A must read in the Sunday Review section of the New York Times, “Status and Stress,” by Moises Velasquez-Manoff, describes how the long-term health effects of stress are even more toxic when hopelessness is also experienced. The piece develops the thesis that combination of poverty and powerlessness is ruinous to one’s health and its ill effects can persist even when one overcomes poverty.
Velasquez-Manoff describes the impact of stress and lack of control or helplessness on overall health:
That sense of control tends to decline as one descends the socioeconomic ladder, with potentially grave consequences. Those on the bottom are more than three times as likely to die prematurely as those at the top. They’re also more likely to suffer from depression, heart disease and diabetes. Perhaps most devastating, the stress of poverty early in life can have consequences that last into adulthood.
The writer cites research that finds links between early-life poverty and higher risk of heart disease, high blood pressure, and arthritis in adulthood. He quotes Martha Farah, a neuroscientist at the University of Pennsylvania:
You don’t need to be a neuroscientist to tell you less stress, more education, more support of all types for young families are needed, but seeing an image of the brain with specific regions highlighted where financial disadvantage results in less growth reframes the programs of childhood poverty as a public health issue, not just an equal opportunity issue.
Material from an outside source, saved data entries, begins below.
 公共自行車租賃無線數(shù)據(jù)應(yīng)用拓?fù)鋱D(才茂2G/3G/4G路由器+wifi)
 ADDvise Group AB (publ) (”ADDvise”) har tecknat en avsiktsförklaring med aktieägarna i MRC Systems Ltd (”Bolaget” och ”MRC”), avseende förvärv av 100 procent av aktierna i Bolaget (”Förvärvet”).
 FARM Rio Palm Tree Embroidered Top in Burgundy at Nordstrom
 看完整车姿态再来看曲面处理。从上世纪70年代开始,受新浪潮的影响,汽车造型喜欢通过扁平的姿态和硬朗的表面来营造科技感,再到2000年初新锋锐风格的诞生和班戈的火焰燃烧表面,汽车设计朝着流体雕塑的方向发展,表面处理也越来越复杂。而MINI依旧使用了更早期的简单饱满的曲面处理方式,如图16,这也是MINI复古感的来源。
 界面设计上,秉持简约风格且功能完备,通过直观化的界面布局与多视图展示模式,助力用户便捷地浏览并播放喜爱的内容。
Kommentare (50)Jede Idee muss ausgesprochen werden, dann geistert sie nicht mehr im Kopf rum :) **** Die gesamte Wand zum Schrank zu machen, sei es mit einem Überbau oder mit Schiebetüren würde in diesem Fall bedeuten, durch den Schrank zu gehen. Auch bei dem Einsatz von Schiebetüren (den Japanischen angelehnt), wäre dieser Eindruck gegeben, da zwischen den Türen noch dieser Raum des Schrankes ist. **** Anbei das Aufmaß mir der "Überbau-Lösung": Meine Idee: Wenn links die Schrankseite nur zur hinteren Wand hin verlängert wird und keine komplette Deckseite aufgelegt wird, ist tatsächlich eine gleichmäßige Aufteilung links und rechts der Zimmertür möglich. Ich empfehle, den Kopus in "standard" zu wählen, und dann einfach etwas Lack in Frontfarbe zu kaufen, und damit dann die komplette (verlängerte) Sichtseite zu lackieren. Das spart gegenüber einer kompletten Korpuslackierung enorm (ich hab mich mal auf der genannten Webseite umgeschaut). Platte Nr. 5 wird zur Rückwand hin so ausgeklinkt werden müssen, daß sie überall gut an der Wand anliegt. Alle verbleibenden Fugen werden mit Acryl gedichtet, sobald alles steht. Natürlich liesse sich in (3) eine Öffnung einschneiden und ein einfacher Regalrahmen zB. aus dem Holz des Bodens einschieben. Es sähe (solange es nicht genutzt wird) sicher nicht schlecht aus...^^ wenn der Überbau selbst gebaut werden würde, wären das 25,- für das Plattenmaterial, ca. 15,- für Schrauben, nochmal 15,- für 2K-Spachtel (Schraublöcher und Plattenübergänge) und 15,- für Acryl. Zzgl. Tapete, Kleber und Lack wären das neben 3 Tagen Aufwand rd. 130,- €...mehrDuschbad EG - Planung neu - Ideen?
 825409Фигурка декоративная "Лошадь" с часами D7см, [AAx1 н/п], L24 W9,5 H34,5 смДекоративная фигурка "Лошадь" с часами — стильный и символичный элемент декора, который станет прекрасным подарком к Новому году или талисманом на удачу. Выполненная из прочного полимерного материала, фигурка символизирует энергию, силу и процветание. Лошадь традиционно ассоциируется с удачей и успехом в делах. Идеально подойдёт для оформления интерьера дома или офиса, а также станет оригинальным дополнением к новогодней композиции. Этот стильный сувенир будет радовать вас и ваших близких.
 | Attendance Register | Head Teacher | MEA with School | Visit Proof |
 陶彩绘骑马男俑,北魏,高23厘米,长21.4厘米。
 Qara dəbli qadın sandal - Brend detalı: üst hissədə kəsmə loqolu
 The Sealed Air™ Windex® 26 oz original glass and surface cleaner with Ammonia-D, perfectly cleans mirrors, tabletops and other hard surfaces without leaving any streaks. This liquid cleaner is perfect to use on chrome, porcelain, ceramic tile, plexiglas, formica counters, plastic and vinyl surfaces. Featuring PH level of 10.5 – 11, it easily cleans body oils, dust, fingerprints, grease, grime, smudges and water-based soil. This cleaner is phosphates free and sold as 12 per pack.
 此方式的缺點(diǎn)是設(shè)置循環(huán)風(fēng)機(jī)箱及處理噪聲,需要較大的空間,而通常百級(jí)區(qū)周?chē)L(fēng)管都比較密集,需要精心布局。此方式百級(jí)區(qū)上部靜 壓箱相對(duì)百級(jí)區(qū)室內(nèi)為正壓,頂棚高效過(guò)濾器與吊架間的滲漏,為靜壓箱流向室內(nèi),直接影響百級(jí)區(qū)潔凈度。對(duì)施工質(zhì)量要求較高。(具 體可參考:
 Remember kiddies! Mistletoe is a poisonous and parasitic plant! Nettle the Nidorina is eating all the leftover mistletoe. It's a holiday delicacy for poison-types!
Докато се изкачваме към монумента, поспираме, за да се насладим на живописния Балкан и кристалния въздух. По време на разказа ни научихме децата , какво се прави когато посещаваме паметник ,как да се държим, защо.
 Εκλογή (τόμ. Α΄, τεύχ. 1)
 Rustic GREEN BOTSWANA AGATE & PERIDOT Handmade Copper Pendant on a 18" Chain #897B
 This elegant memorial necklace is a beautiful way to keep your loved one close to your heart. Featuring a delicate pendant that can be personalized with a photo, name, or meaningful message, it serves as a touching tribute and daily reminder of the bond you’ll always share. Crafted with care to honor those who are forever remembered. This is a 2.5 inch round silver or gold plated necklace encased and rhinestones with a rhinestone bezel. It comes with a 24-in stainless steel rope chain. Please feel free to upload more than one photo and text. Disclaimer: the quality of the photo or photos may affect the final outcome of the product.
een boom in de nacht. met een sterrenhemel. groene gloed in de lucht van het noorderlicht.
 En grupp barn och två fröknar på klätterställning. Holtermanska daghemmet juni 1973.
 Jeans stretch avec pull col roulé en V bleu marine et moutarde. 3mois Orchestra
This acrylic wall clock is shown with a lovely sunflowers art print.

Velasquez-Manoff cautions that children need a nurturing bond in a stimulating environment for proper brain development and “such bonds, and the broader social networks that support them, are precisely what poverty disrupts.” The nation’s growing income inequality and increase in child poverty reduce longevity and economic stability. The writer concludes, “Early-life stress and poverty aren’t a problem only of the poor. They cost everyone.”
President Obama appears poised to make income disparity a focal point of his last years in office (Obama Says Income Gap is Fraying U.S. Social Fabric, New York Times 7/28/13). It is up to those of us who recognize the links between poverty and poor health outcomes to make sure these realities are understood as central to the discussion.